6. Consciousness and Freedom
I have argued that consciousness would be out
of place in a
deterministic world, since the use of consciousness is to help secure the survival of a living
organism by providing its soul, whose appearance in time is an outcome of the evolutionary
process, in the right manner with information of the right kind – information on which
the soul can base its actions. In a deterministic world there would be no actions,
and while consciousness in a deterministic world would still have its function of
intrinsic signification, its having that function whereas its cerebral causal
equivalent is lacking it would be a fact that, contrary to appearance, is without any
significance and therefore a fact that is utterly misleading from the metaphysical point of view. It
is hard to believe that nature might play such a trick on us (let alone God).
An action is, qua action, a free action in the sense that the initial
segment of the history of the world that is prior to it does not determine it (on the
basis of the laws of nature); otherwise, the nomologically possible continuations of the
history of the world that are excluded by it would already have been excluded by the initial
segment of the history of the world that is prior to it. Therefore: although some
conscious events solicit actions – for example, the pain that ensues upon touching a very hot
object – no conscious event determines an action. Hence it is a mistake to assume
that actions are (sufficiently) caused by conscious events. If one wants to say that
actions are caused by something, then one must say that they are caused by the agent, by the
soul of the organism. The information that a conscious event provides to that agent
is, therefore, nondeterminative; it leaves the ultimate decision what to do with it up
to the agent (but certainly the agent-soul is not always able to use the
information
provided to it beneficially). That every action is free in the sense just
described does not yet mean
that its agent had a choice about it: that there was an alternative possible
action open to the agent at the time. But unless there is some inscrutable determination
at work on top of nomological determination, it follows that every action is such that
its agent had a choice about it.
The installation of an agent, acting in favor of and through its
organism on the basis of immediate nondeterminative information provided to it in
conscious events of which it is the subject, the installation of a soul on top of all the
batteries of automatic reaction mechanisms an organism possesses has proved to be a rather
successful invention of evolution.
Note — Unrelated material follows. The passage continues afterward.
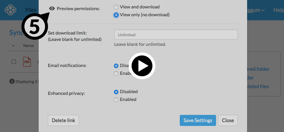 Sync Pro and Business customers can disable downloads on shared links. If the file is previewable, recipients can view the linked document, but cannot physically download it to their computer or mobile device through Sync.

One decisive factor of that success is of
course that most things that are of vital importance to the organism are not effected by its
agent-soul at all, but precisely by the organism’s automatic mechanisms. The agent-soul is
there for the less common contingencies, and it is usually separated from most other
things that vitally concern the organism by not being provided in consciousness with
immediate information about them. Within these limits, however, within the
limits set by its state of
information and its range of choices (the extent of which range is directly
proportional to the richness of its state of information), the power of the agent-soul – especially of
the human soul – can be very great, even to the extent of transcending the interests of
its organism. This is strikingly illustrated by an old story which German pupils learning
Latin in the 1960s and 1970s could still read in their textbooks, but which, presumably,
is too awfully heroic for the taste of the present time. I am speaking about the story
of Mucius Scaevola. Mucius Scaevola, when captured in the attempt to assassinate
King Porsenna who was laying siege to Rome, held his right hand into the fire and
allowed it to be consumed by it, thereby dissuading Porsenna from further laying siege
to Rome, convincing him that it is full of hundreds of Mucius Scaevolas fearing
neither death nor pain in defending their nation.
Imagine the pain, imagine the soul that withstood it. The story is
probably a legend; but comparable things have really happened, as we all know.
7. The Insect-Objection
It is time to consider the serious objections
that can be raised
against the views on consciousness I advocate in this paper. One objection is this: Insects are conscious
animals. They, for
example, experience colors. But at the same time they are automata that blindly
follow the programs that are activated in them in reaction to outward or inward
stimuli. Hence the proposed link between consciousness and freedom of action does not
exist.
I respond that the objector is overly impressed by reports on insects
that, if encountering some objectively insignificant anomaly in the process of
achieving their preset goals, go through their preset rigid routines to achieve these
goals an indefinite number of times (as often as one makes them encounter the very same
anomaly). These reports are true, of course. But of course they do not show that the
entire life of insects consists in rigid routines and reflexes.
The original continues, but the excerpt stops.